Он сказал, что это ничего не меняет, что в каждом процессе истец должен опираться на документальные данные или на свидетелей, иначе каждый, кому вздумается, будет подавать жалобу.
Я ушел. Я стал искать документальные данные. Я писал письма. Я искал свидетелей. Я искал без вести пропавших. Я обращался в разные организации, в отдел по отысканию пропавших. Подал заявление в прокуратуру, она дала ход моему заявлению, но и ей не удалось отыскать ни документов, ни свидетелей. Меня несколько раз допрашивали. Потом посоветовали подождать. Я знал, что в огромном аппарате правосудия есть справедливые, старающиеся выяснить правду судьи. Но как их найти?

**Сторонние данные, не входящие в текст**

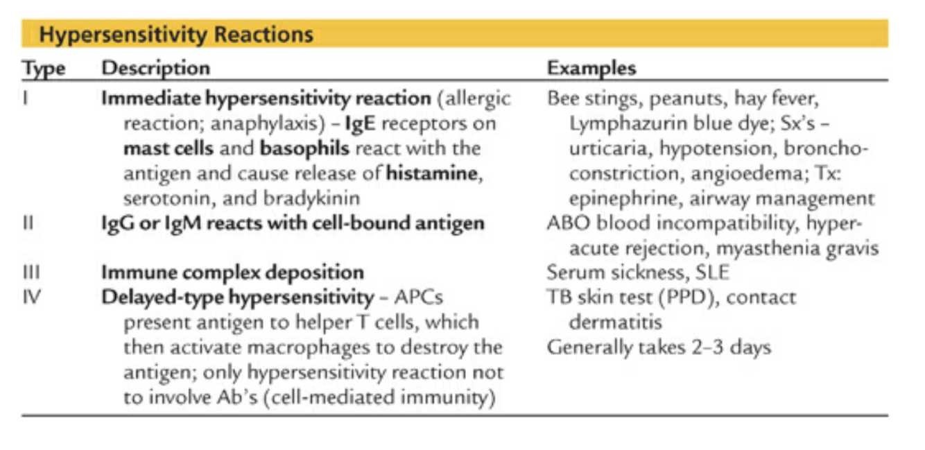 What are the 4 hypersensitivity reactions?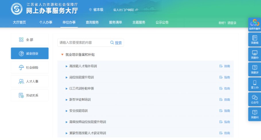 选择单位办事→就业创业→就业培训备案和补贴→就业技能培训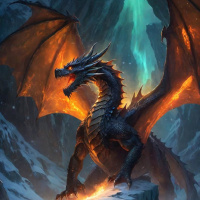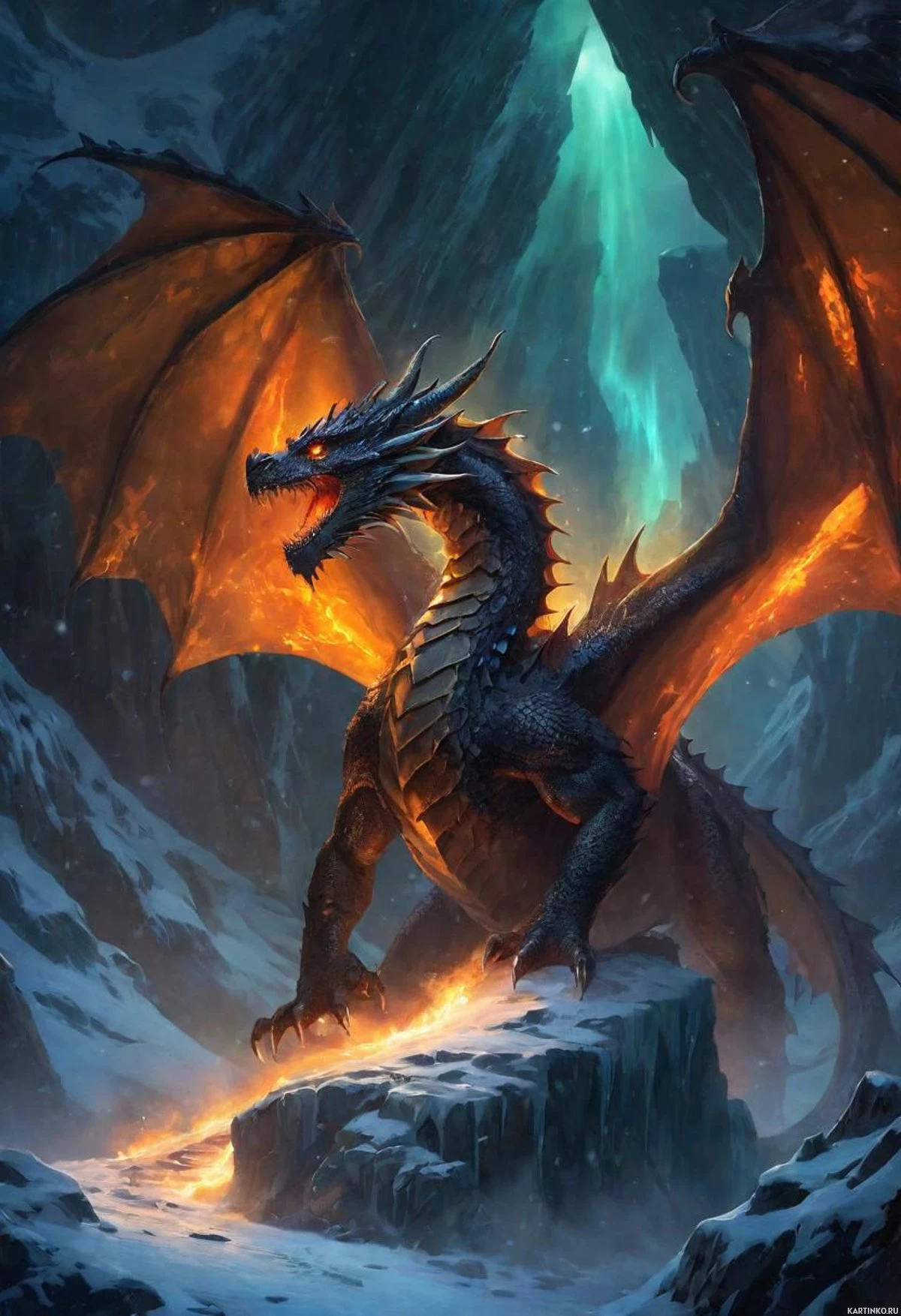a rocky outcropping in what appears to be an icy or snowy environment, possibly a mountainous region given the jagged peaks in the background. The dragon's eyes are glowing with a fierce intensity, and its mouth is open as if roaring or breathing fire. There's a bluish-white energy emanating from the dragon's back, possibly suggesting magical abilities or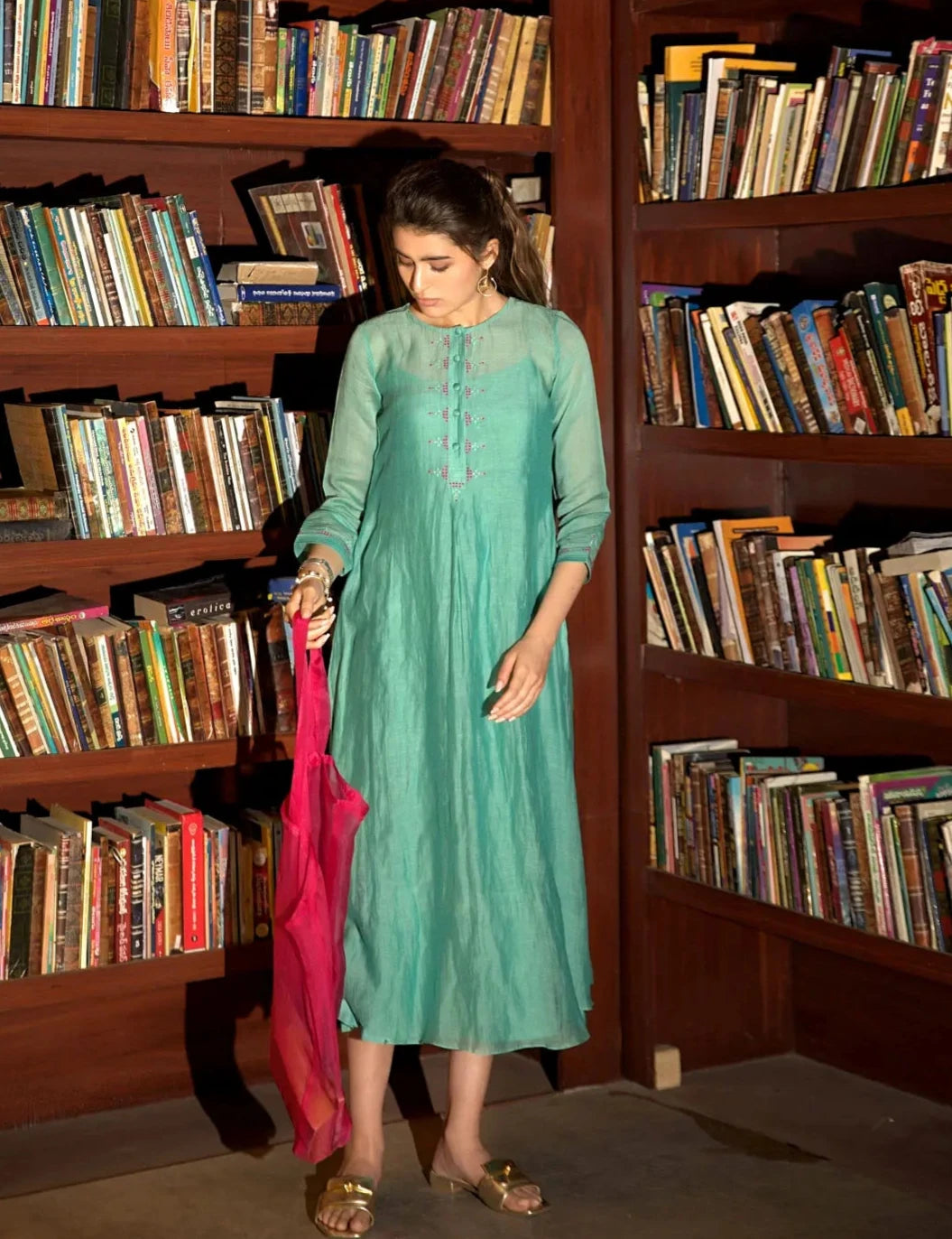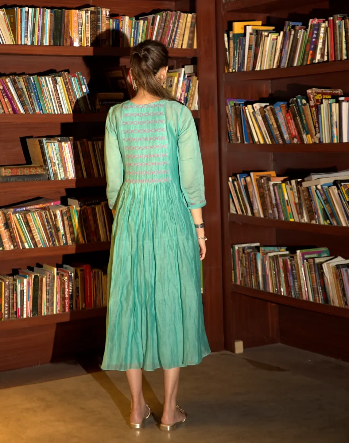 This elegant powder blue A-line dress features a refined dotted line embroidery along the front neckline, adding a subtle touch of sophistication. The back showcases delicate pintucked detailing, offering a beautiful textural element to the simple yet chic silhouette. Designed for comfort and grace, this A-line dress flows effortlessly, making it a versatile choice for both casual outings and special occasions. Its understated elegance makes it a timeless addition to any wardrobe.

Как-то, когда я сидел в пивной, меня охватило чувство полной беспомощности. Почему невозможно уличить убийцу? Действительно ли это невозможно, или просто этого не хотят? В последнее время часто писали о том, что в органы юстиции просочилось немало нацистских судей и чиновников. Этим объяснялись некоторые приговоры. Людям, которые двенадцать лет приспосабливали свой образ мыслей и свои приговоры к повелениям убийцы, несомненно, было трудно сегодня судить в противоположном смысле.
Конечно, можно комбинировать, истолковывать и подтасовывать. Можно медлить, затягивать или не вмешиваться в ход событий, смотря по ситуации. Можно по-разному понимать обстоятельства дела и по-разному оценивать свидетельские показания. Меня охватило не~ доверие. Неужели в данном случае затруднения действительно таковы, что нельзя дать ход жалобе?
Я думал о моем круглолицем адвокате.
— У вас нет доказательств, — заявил он. — Без доказательств ничего нельзя предпринять.
На чьей он стороне? Хотел ли он мне помочь? А если мне никто не поможет? Тогда я должен сам себе помочь.
Нет, то, что я задумал, не убийство. Я — орудие справедливости. Если никто на свете не предъявит обвинения и не произнесет приговора этому убийце, если этого не сделает всемогущее правосудие, с тысячами судей, чиновников и тюремщиков, — разве не должен тогда взять инициативу тот, кому известно и какова вина, и кто виновен? На совести этого человека много убийств. Неужели он может разгуливать на свободе только потому, что у меня нет свидетелей? Почему их нет? Вероятно, они лежат в могиле. Доказательства… доказательства…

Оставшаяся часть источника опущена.